## Work task
Please set down the lines of the listing exactly, from its first line to the line with "实验结果表明:珍稀大马士革玫", leaving the pictures out.

## Collected material
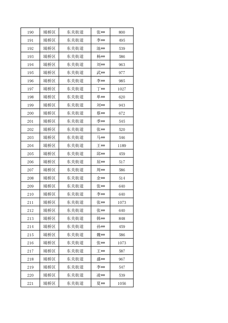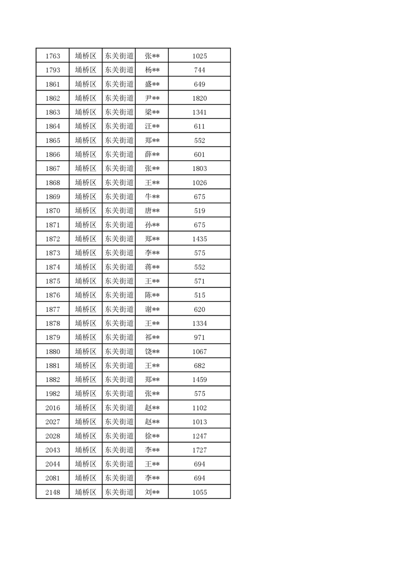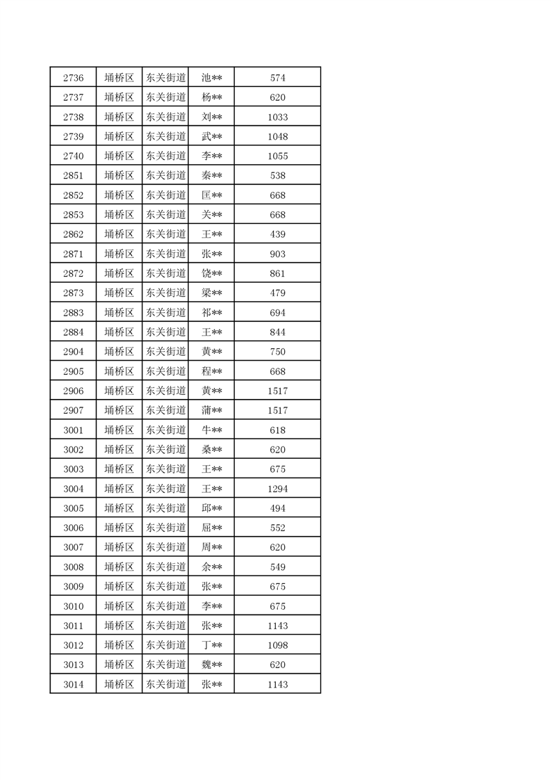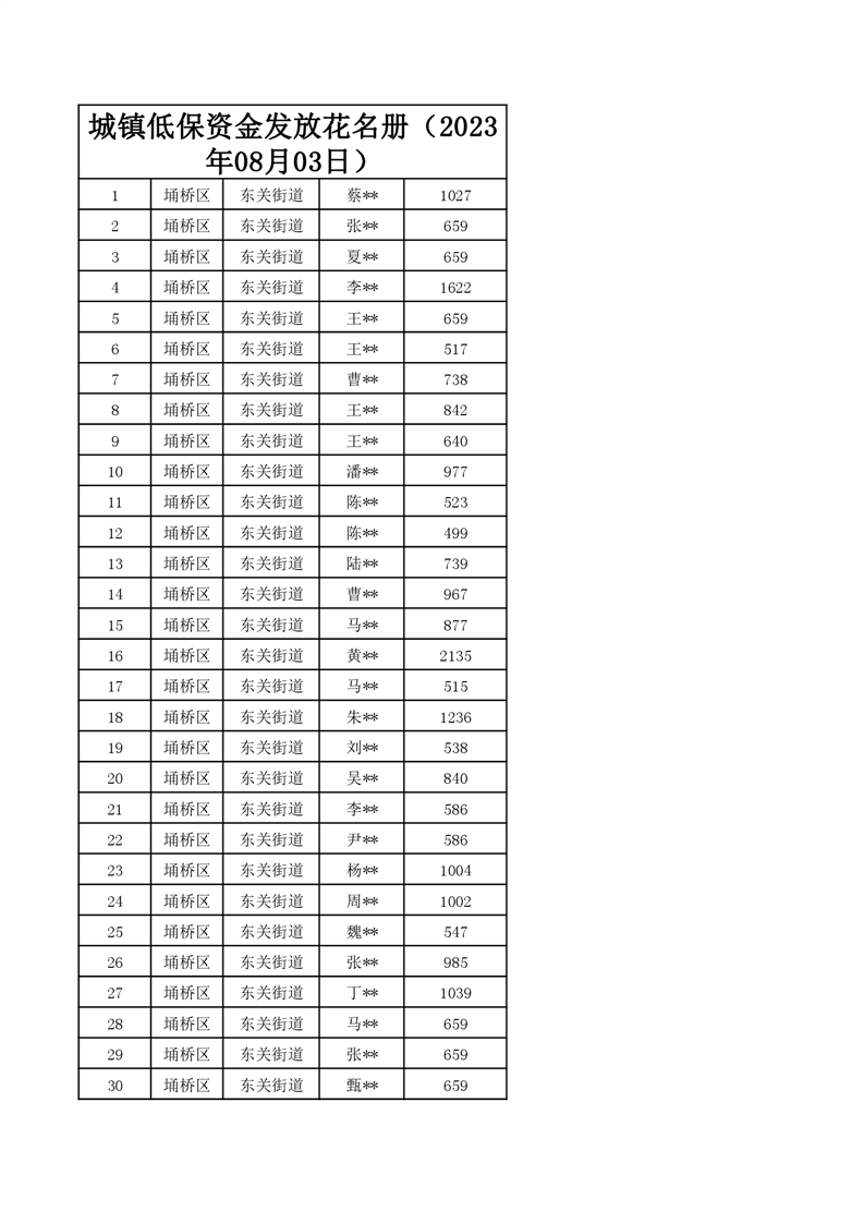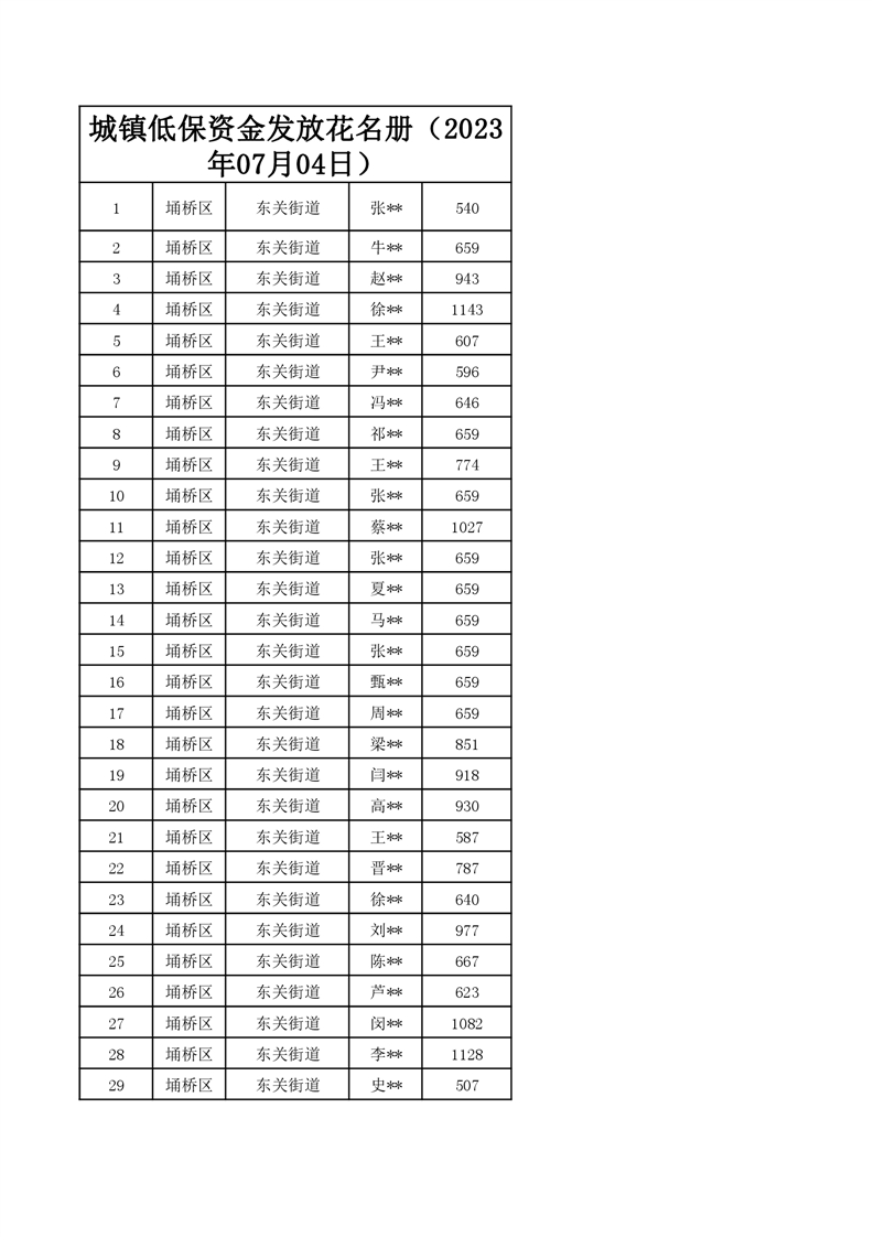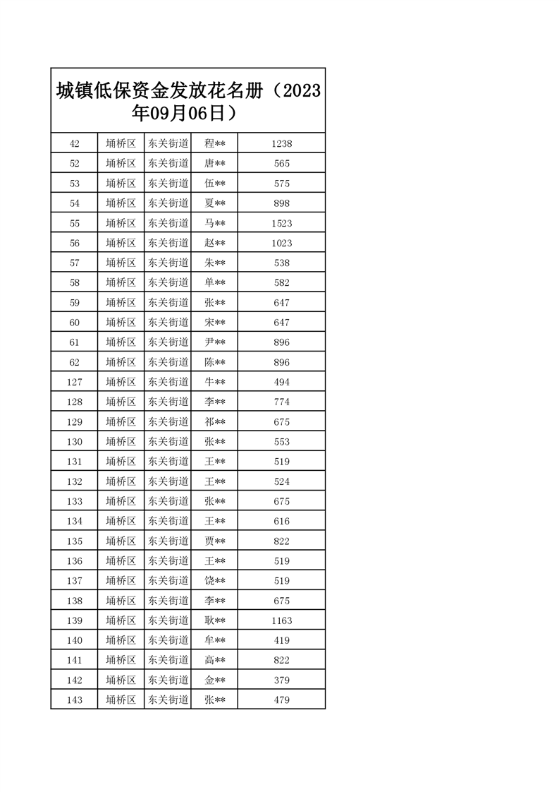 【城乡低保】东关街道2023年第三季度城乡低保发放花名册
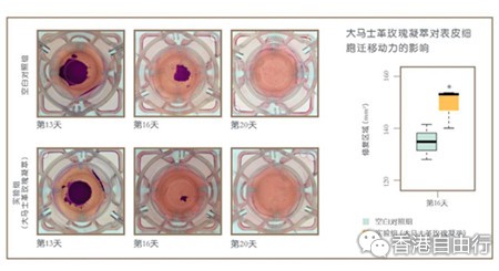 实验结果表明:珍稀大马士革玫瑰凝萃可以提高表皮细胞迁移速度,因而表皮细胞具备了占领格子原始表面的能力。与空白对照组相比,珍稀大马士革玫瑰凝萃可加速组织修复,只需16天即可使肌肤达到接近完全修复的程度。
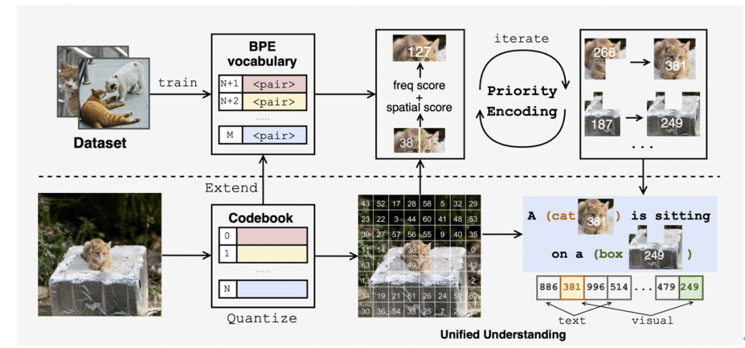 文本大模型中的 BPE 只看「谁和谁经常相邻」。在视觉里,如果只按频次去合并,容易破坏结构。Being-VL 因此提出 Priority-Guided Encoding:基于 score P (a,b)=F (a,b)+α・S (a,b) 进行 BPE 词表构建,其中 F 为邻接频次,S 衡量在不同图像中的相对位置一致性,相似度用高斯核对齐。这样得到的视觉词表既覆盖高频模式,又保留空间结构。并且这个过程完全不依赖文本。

## Solution for this problem
 【城乡低保】东关街道2023年第三季度城乡低保发放花名册
 实验结果表明:珍稀大马士革玫瑰凝萃可以提高表皮细胞迁移速度,因而表皮细胞具备了占领格子原始表面的能力。与空白对照组相比,珍稀大马士革玫瑰凝萃可加速组织修复,只需16天即可使肌肤达到接近完全修复的程度。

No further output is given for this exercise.